Theorem wlklnwwlknupgr

Description: A walk of length N as word corresponds to a walk with length N in a pseudograph.
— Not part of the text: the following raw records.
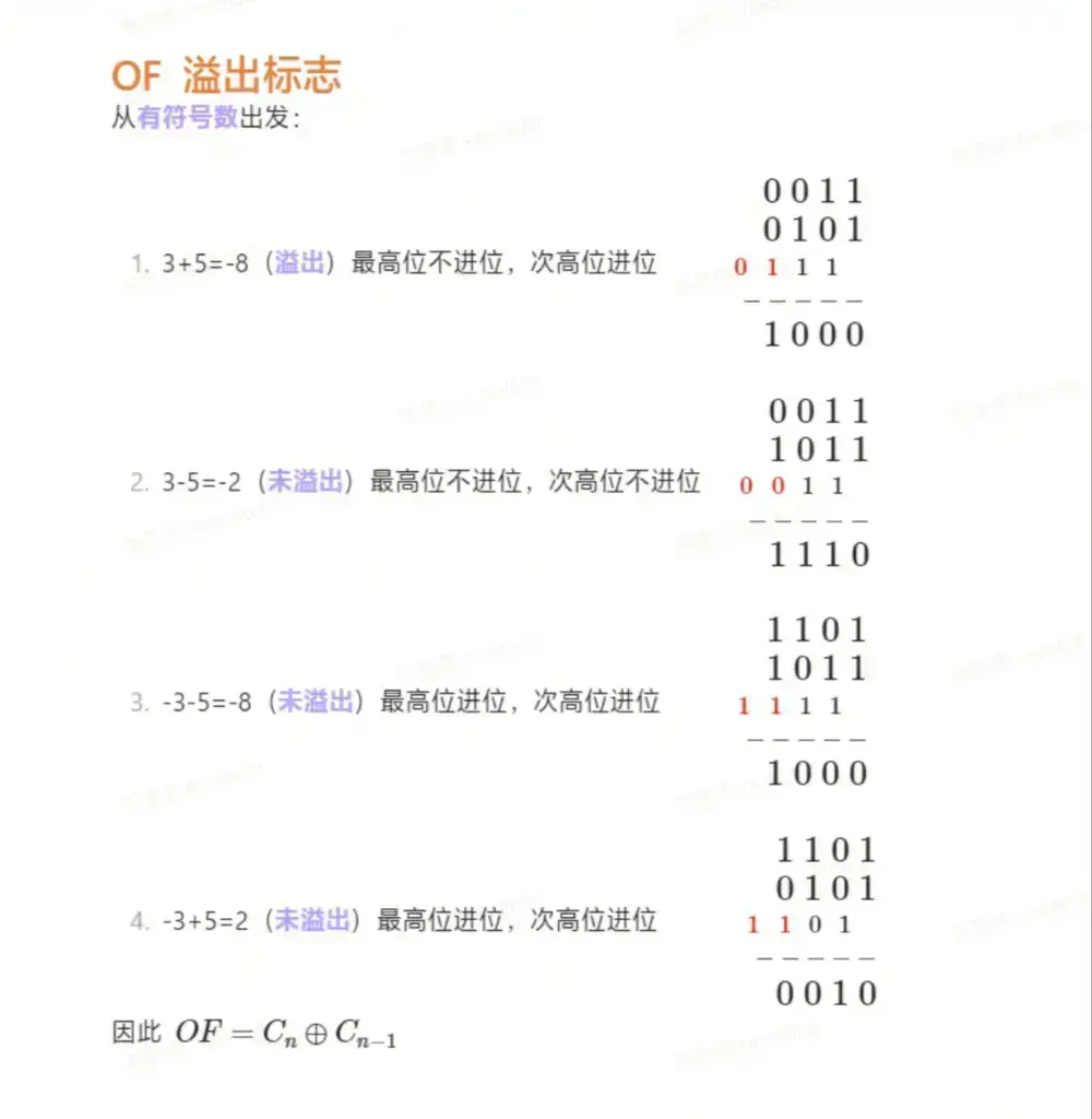 异号数相加,必然不溢出,OF=0;同号有符号数相加,若结果与它们符号不同,则 OF=1,否则 OF=0
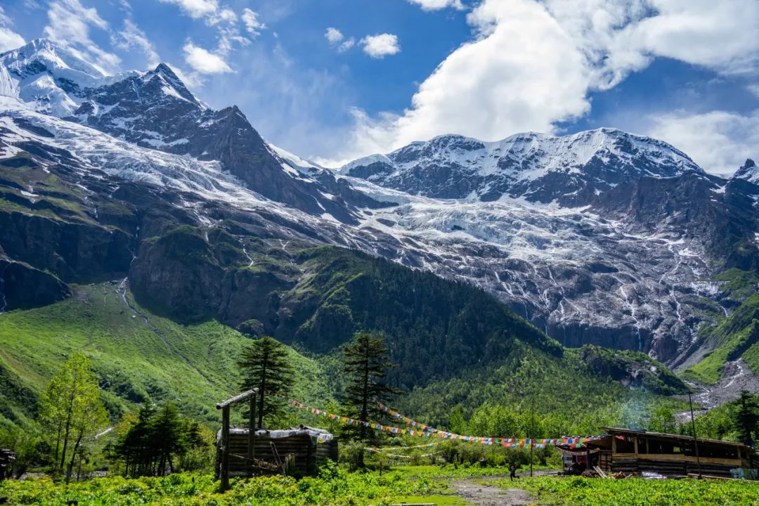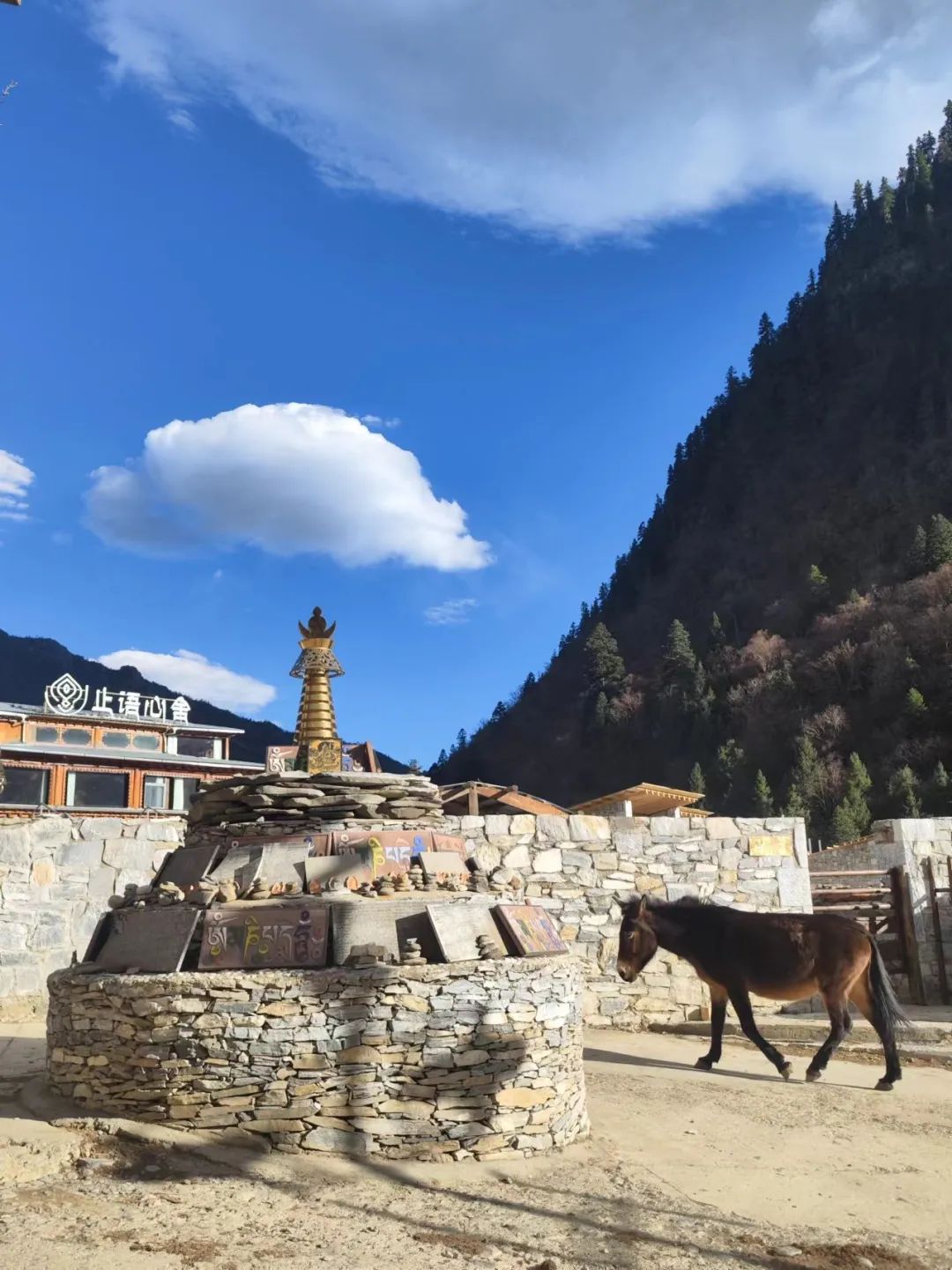当穿过最后一片原始林后,就终于到达了下雨崩村。趁着天色还亮,完全可以在这里歇歇脚,看看远处的雪山,和路过的牛群打个招呼,享受一下藏区的暖阳。
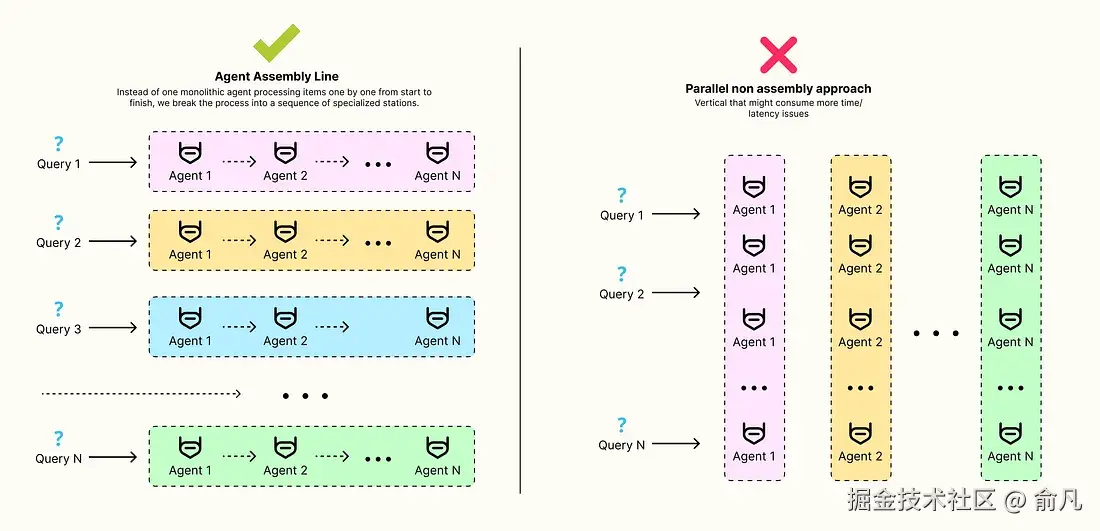这就是 代理装配线(Agent Assembly Line) 架构之所以重要的原因,这种模式将重点从最小化时延转移到最大化吞吐量。
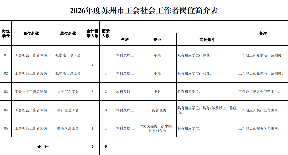 本次共计招录工会社会工作者9名,分别为:太仓市总工会3名、张家港市总工会2名、吴江区总工会3名、姑苏区总工会1名。
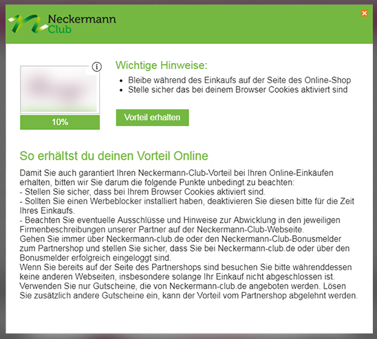 - Öffnen Sie die Internetseite eines Neckermann-Club-Partners, bei dem Sie einkaufen möchten.

This variant of wlklnwwlkn does not require G to be a simple pseudograph, but it requires (indirectly) the Axiom of Choice for its proof. (Contributed by Alexander van der Vekens, 21-Jul-2018) (Revised by AV, 12-Apr-2021)

Ref Expression
Assertion wlklnwwlknupgr ( 𝐺 ∈ UPGraph → ( ∃ 𝑓 ( 𝑓 ( Walks ‘ 𝐺 ) 𝑃 ∧ ( ♯ ‘ 𝑓 ) = 𝑁 ) ↔ 𝑃 ∈ ( 𝑁 WWalksN 𝐺 ) ) )

Proof

Step Hyp Ref Expression
1 wlklnwwlkln1 ( 𝐺 ∈ UPGraph → ( ( 𝑓 ( Walks ‘ 𝐺 ) 𝑃 ∧ ( ♯ ‘ 𝑓 ) = 𝑁 ) → 𝑃 ∈ ( 𝑁 WWalksN 𝐺 ) ) )
2 1 exlimdv ( 𝐺 ∈ UPGraph → ( ∃ 𝑓 ( 𝑓 ( Walks ‘ 𝐺 ) 𝑃 ∧ ( ♯ ‘ 𝑓 ) = 𝑁 ) → 𝑃 ∈ ( 𝑁 WWalksN 𝐺 ) ) )
3 wlklnwwlklnupgr2 ( 𝐺 ∈ UPGraph → ( 𝑃 ∈ ( 𝑁 WWalksN 𝐺 ) → ∃ 𝑓 ( 𝑓 ( Walks ‘ 𝐺 ) 𝑃 ∧ ( ♯ ‘ 𝑓 ) = 𝑁 ) ) )
4 2 3 impbid ( 𝐺 ∈ UPGraph → ( ∃ 𝑓 ( 𝑓 ( Walks ‘ 𝐺 ) 𝑃 ∧ ( ♯ ‘ 𝑓 ) = 𝑁 ) ↔ 𝑃 ∈ ( 𝑁 WWalksN 𝐺 ) ) )